None => mem::swap(self, other),
// If we do have a tail...
Some(mut tail) => {
// the first thing we do is, check if the other list has
// a head. if it does...
if let Some(mut other_head) = other.head.take() {
// we set our tail to point at their head, and we
// set their head to point at our tail.
unsafe {
tail.as_mut().next = Some(other_head);
other_head.as_mut().prev = Some(tail);
}
// We set our tail to their tail
self.tail = other.tail.take();
// finally, we add their length to our length, and
// replace theirs with zero, because we took all
// their nodes!
self.len += mem::replace(&mut other.len, 0);
} // there's no else case for that if let; if they don't
// have a head, that list is empty and so there's
// nothing to do.
}
}
}
We only need unsafe
when mutating the next
of the tail
of the first list, and the prev
of the head
of the second list.

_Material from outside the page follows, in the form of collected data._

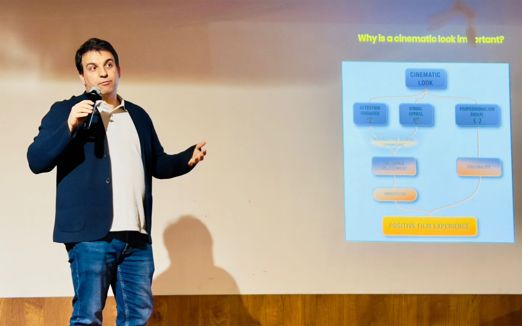 Dr. João Leong Brochado, Head of the Department of Media, Arts and Technology within USJ’s Faculty of Arts and Humanities, presented “An Analysis of Cinematography Elements Contributing to a Cinematic Look of a Narrative Digital Film” during Plenary Session 3. Drawing on a mixed-methods study involving 127 participants from 21 countries and interviews with 15 filmmakers, Dr Leong Brochado found that no single element guarantees a ‘cinematic look’. Rather, it emerges from the deliberate combination of multiple factors guided by narrative intention. He proposed a pyramid model and decision matrix to classify these elements, offering practical guidance for filmmakers and educators.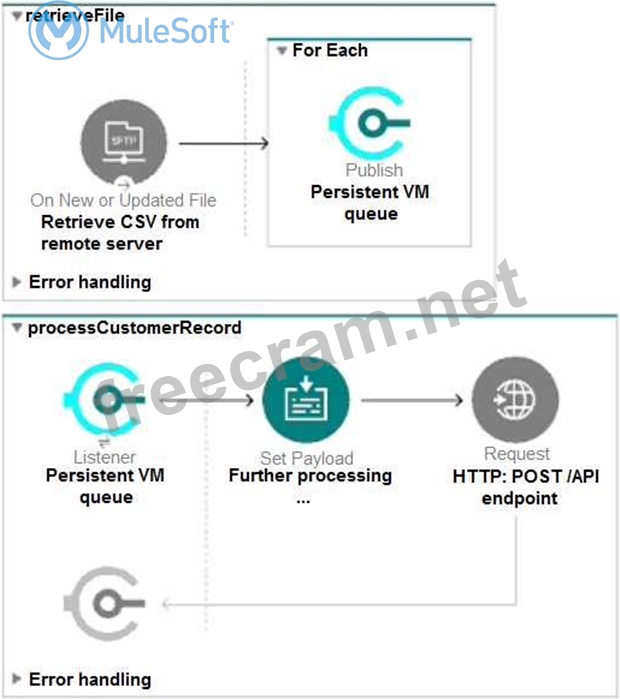 Refer to the exhibit. This Mule application is deployed to multiple CloudHub workers with persistent queues enabled.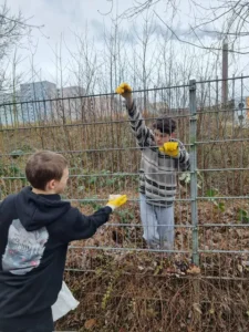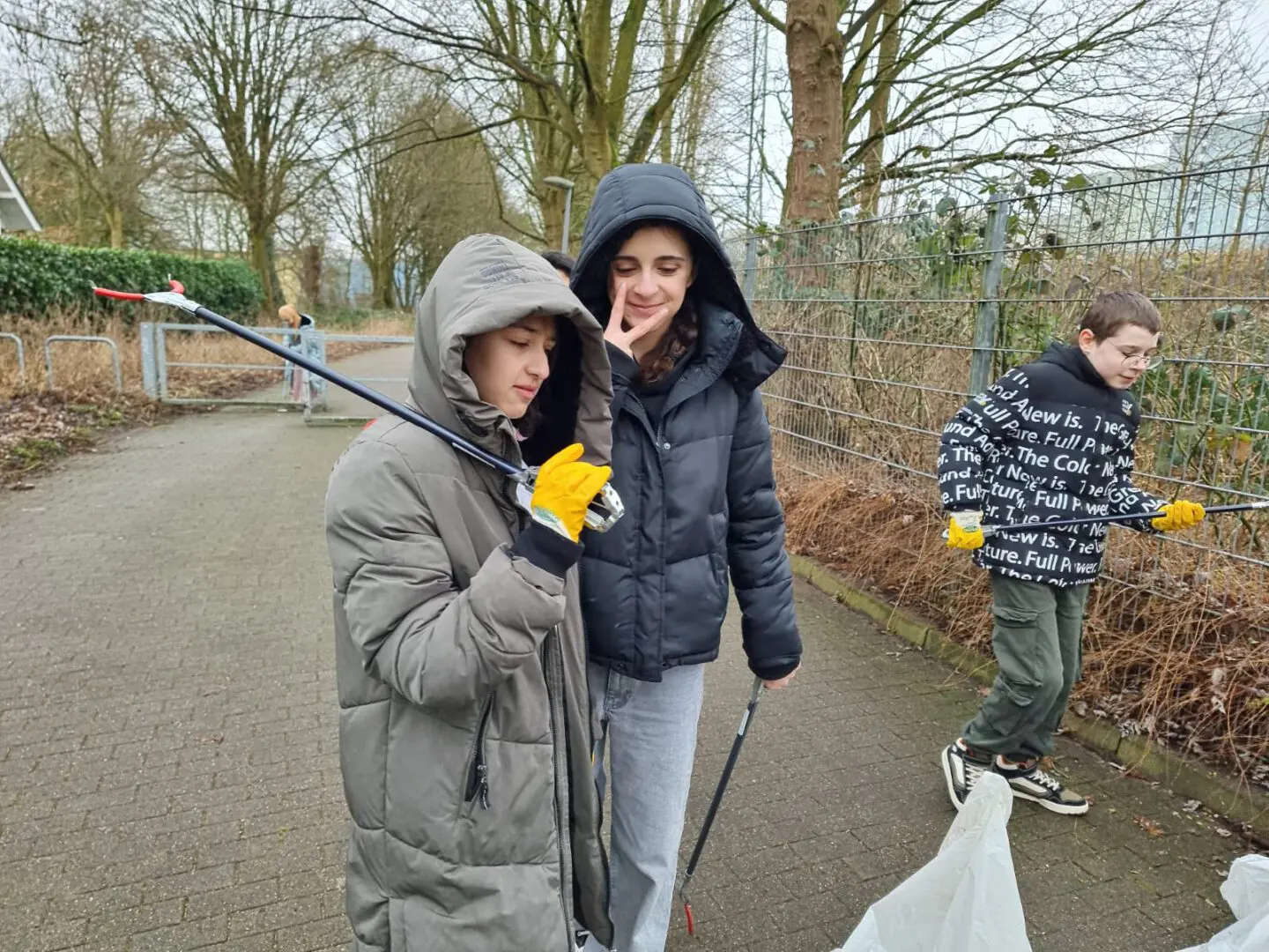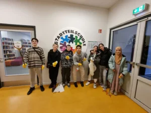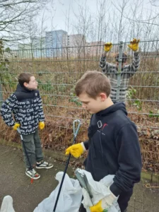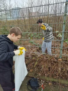 Wir haben Handschuhe, Zangen und Mülltüten benutzt. Zum Schluss haben wir leckeres Essen bei Aldi gekauft.

And that’s even only in the case where the tail
exists in the first place. We can do things like “set our tail to their tail” in safe code, because we’re never de-referencing pointers. Safe Rust is helping us manage many, but not all, of our guarantees. We could move the unsafe
block to encompass the entire body of this function, and Rust would still make us check those Option<T>
s. It would still check that self
and other
are not aliased by &T
or &mut T
s in the body of the function.
unsafe
is a powerful tool, and should be used with care. But that doesn’t mean that you throw out many of the things that make Rust what it is.